2. Have a clear agenda for async meeting channels
To keep everyone focused, set a clear topic, agenda, and scope before each meeting.
Avoid the temptation to extend meetings beyond their agenda. Once you're done, end the meeting - or at least pause it. You can always propose a new meeting, with a new agenda, if necessary.
3. Use voice and audio messages; not just text
The 7-38-55 rule says that 7% of our message is in the words; 38% is in our tone of voice; 55% is in our body language.
With recorded videos, you get everything - words, voice, body language - which makes them the best media type for async comms. It helps that videos are fast and easy to record once you have a little practice.
Avoid devolving into long, text-only threads. These can be confusing and wasteful.
4. Take notes and make minutes
Asynchronous meetings can be long and involve lots of participants. To keep track of important messages, goals, decisions, and questions, summarize your meetings. You can do this using free-form notes or more formal minutes (for key meetings).
It's especially helpful to attach your notes and minutes to async meetings that follow on from previous asyncs. This way, everyone can quickly catch up on the previous meeting without going through a backlog of messages.
5. Set a time limit on async meetings
Some meetings need to happen at specific times, whether they're async or not. One example: daily standups. Since teammates use these to share yesterday's progress and today's plans, you want to get through these meetings early in the day.
We recommend keeping most meetings between a few hours and a full week in length. When possible, try to wrap up meetings before weekends and holidays. Otherwise, people might forget what they were doing and talking about by the time they're back.

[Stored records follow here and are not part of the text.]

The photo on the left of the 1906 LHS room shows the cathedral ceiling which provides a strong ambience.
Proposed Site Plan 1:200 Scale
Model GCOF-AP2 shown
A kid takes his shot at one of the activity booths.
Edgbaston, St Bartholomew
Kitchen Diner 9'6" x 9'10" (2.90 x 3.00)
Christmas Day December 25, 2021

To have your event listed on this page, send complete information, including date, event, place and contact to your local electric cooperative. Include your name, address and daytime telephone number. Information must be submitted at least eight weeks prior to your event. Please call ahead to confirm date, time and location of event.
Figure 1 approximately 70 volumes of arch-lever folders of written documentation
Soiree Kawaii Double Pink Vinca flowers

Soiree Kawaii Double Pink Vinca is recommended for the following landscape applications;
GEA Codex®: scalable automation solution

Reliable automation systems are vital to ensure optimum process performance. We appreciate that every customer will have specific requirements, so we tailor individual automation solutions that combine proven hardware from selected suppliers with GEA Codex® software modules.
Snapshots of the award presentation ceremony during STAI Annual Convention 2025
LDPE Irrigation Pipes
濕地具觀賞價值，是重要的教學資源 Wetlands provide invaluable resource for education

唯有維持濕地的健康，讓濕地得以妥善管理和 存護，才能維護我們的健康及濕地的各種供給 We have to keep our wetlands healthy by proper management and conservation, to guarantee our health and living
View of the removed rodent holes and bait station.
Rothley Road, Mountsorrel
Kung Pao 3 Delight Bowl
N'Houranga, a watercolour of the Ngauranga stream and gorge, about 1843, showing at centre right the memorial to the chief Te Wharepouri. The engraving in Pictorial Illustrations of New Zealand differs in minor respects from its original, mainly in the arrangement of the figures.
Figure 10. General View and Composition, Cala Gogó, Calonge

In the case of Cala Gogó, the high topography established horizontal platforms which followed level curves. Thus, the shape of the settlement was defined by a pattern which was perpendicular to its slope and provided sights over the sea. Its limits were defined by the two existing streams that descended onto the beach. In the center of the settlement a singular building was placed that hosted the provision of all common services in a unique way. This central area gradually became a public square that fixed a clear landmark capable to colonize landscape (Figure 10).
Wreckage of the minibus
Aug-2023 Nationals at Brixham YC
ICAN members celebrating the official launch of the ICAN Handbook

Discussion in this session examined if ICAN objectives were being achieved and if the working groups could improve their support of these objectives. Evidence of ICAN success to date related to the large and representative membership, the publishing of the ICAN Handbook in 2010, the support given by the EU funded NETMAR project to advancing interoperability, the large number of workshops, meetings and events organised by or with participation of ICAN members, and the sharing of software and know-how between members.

6. Give everyone a chance to speak
Real time communication can be hard for non-native speakers, quieter personalities, and remote-only employees. But with async meetings, you can give everyone a chance to share their opinion in a low-key environment. This gives you more valuable opinions and points of view than a synchronous meeting does.
One way to get everyone talking is to ask people what they think. Another is to make responses mandatory, i.e. meetings don't end before every team member shares a response, opinion, proposed course of action, etc.
7. Use sync meetings together with async ones
Synchronous meetings still have their uses. Internally, they keep teams connected and prevent isolation. They are also good for fast-paced activities like brainstorming, problem-solving, and big decisions.
Externally, synchronous meetings are good for important sales calls; live Q&A sessions; real-time screen-sharing.
8. Give team members an easy way to record videos
Recording videos is the main way to hold asynchronous meetings. It's important you give team members an easy way to make them.
One solution is to use Sendspark: a light, secure video recording app. Sendspark runs as a Chrome extension, so team members can use it without installing any new apps. Sendspark makes it easy to record, upload, and share videos and screen recordings and is available 100% free here.
Async meetings are a powerful way to communicate internally and externally in the new normal. They save time, make communications clearer, and help teams preserve sanity.
You should still use sync communication for some meetings. But most of the time, async is the better option. Use the best practices on this page to make the most of it.